Responses of anti-oxidant enzymes and the ascorbate-glutathione cycle to heat, drought, and synergistic stress in Phyllostachys edulis seedlings

To study the physiological responses of 3-year-old Phyllostachys edulis seedlings to drought stress, heat stress, and synergistic stress, a pot experiment was conducted. Changes of reactive oxygen species (ROS), malondialdehyde (MDA), ascorbic acid, and glutathione concentration, as well as changes in enzyme activity of anti-oxidative enzymes and ascorbate-glutathione (AsA-GSH) cycle in the leaves of Ph. edulis were determined using an artificial simulation method by a spectrophotometer with different levels of drought stress (control check(70.0%-80.0% of field water-holding capacity), light stress(60.0%-70.0% FC), medium stress(40.0%-50.0% FC), and heavy stress(20.0%-30.0% FC)), heat stress (25℃ and 40℃), and synergistic stress. Results showed that the contents of superoxide anion (O2·-) and hydrogen peroxide (H2O2) in leaves of Ph. edulis increased (P < 0.05) compared to ck with drought stress. Anti-oxidant enzyme activities and the ρGSH/ρGSSG ratio increased (P < 0.05) compared to ck with an increase in the degree of drought stress. With moderate drought stress, compared to ck, highly significant differences (P < 0.01) were found for activities of superoxide dismutase (SOD) (1.7 times higher), peroxidase (POD) (1.7 times higher), and the ratio of ρGSH/ρGSSG (0.6 times higher). Compared to ck, MDA increases (1.4 times) were highly significant (P < 0.01), and increases in the activity of SOD, POD, and catalase (CAT), along with the ratio ρAsA/ρDHA were highly significant (P < 0.01) with heat stress.
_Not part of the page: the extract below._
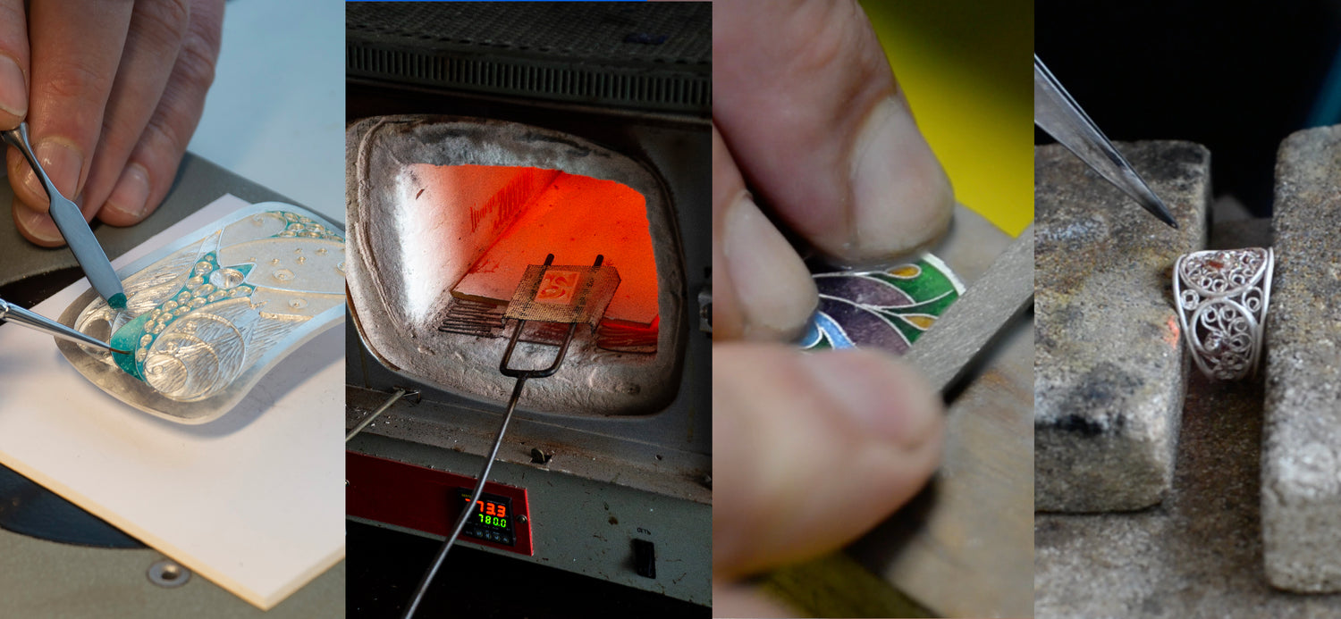One-day master class on cloisonné enamel for a group of 4 people. During the master class, everyone will be able to make an customised pendant for themselves or as a gift. Master class is held in Vilnius, Lithuania, at Nikoloz Jewelry studio.

After synergistic stress, compared to ck, ROS increased (P < 0.01), and the degree of membrane lipid peroxidation was enhanced (P < 0.01); meanwhile, the stability of CAT activity was strongest (P < 0.01) increasing steadily compared to ck with an increase in synergism. Also, the ρAsA/ρDHA ratio showed a downward trend; whereas, the ρGSH/ρGSSG ratio was not significant. Thus, the GSH cycle showed stronger resistance to synergistic stress than the AsA cycle suggesting that Ph. edulis seedlings could protect themselves effectively from oxidative damage with a degree of heat, drought, and synergistic stress.